For pre-processing numeric variables, a simple normalization should be enough.

While not ideal, for categorical variables, we will binarize the data using the binarizeCategoricalVariable. This function provides two options: includePairwise to compare all classes against all, and a includeLevelVsAll to compare each classes to all others. Here, to limit the number of associations to test, we will only include LevelVsAll comparisons.

However, note that binarization is not optimal, and other test might be more appropriate, such as multinomial logistic regression models.

DIY: First, scale numeric data, and put the results in a new dataframe.

metadataNum <- data.frame("AgeDiagnosis"=scale(metadata$AgeDiagnosis), row.names = rownames(metadata))

DIY: Now, binarize categorical data and add it to the new dataframe.

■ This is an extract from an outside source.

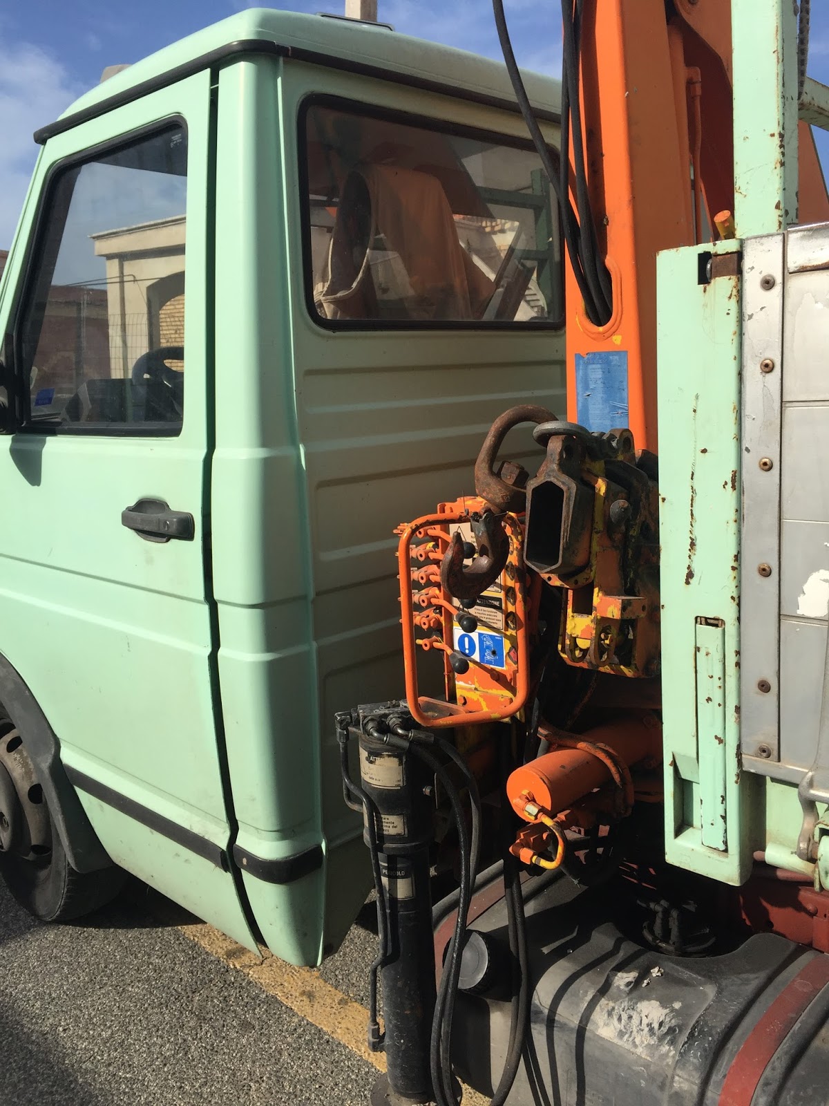I’ve already begun organizing the many photos I’ve taken. Today’s selection is all about colour, for me at least, about colour found in the daily rounds in some unexpected and decidedly unglamorous places. Top photo: a rusting water-fountain (nasone) against a sun-streaked, stuccoed wall; next: that truck’s minty green against the lift’s rusty orange, the gritty muscularity of the vehicle; below: two photos of a graffitied wall on a fenced-off portion of the beach, the faded graphics of the tin can that’s been caught up in the wire fencing, none of it romantic, even against that sky, and yet. . .

AnatomicNeoplasm = binarizeCategoricalVariable(metadata$AnatomicNeoplasm,includePairwise = FALSE, includeLevelVsAll = TRUE)
rownames(AnatomicNeoplasm) = rownames(metadata)
metadataNum = cbind(metadataNum, AnatomicNeoplasm)

Do the same for all categorial variables:

# Gender and vital status are already binary
metadataNum$Gender = ifelse(metadata$Gender=="female", 0, 1) 
metadataNum$VitalStatus = ifelse(metadata$VitalStatus=="alive", 1, 0) 

Subtype = binarizeCategoricalVariable(metadata$Subtype,includePairwise = FALSE, includeLevelVsAll = TRUE)
rownames(Subtype) = rownames(metadata)
metadataNum = cbind(metadataNum, Subtype)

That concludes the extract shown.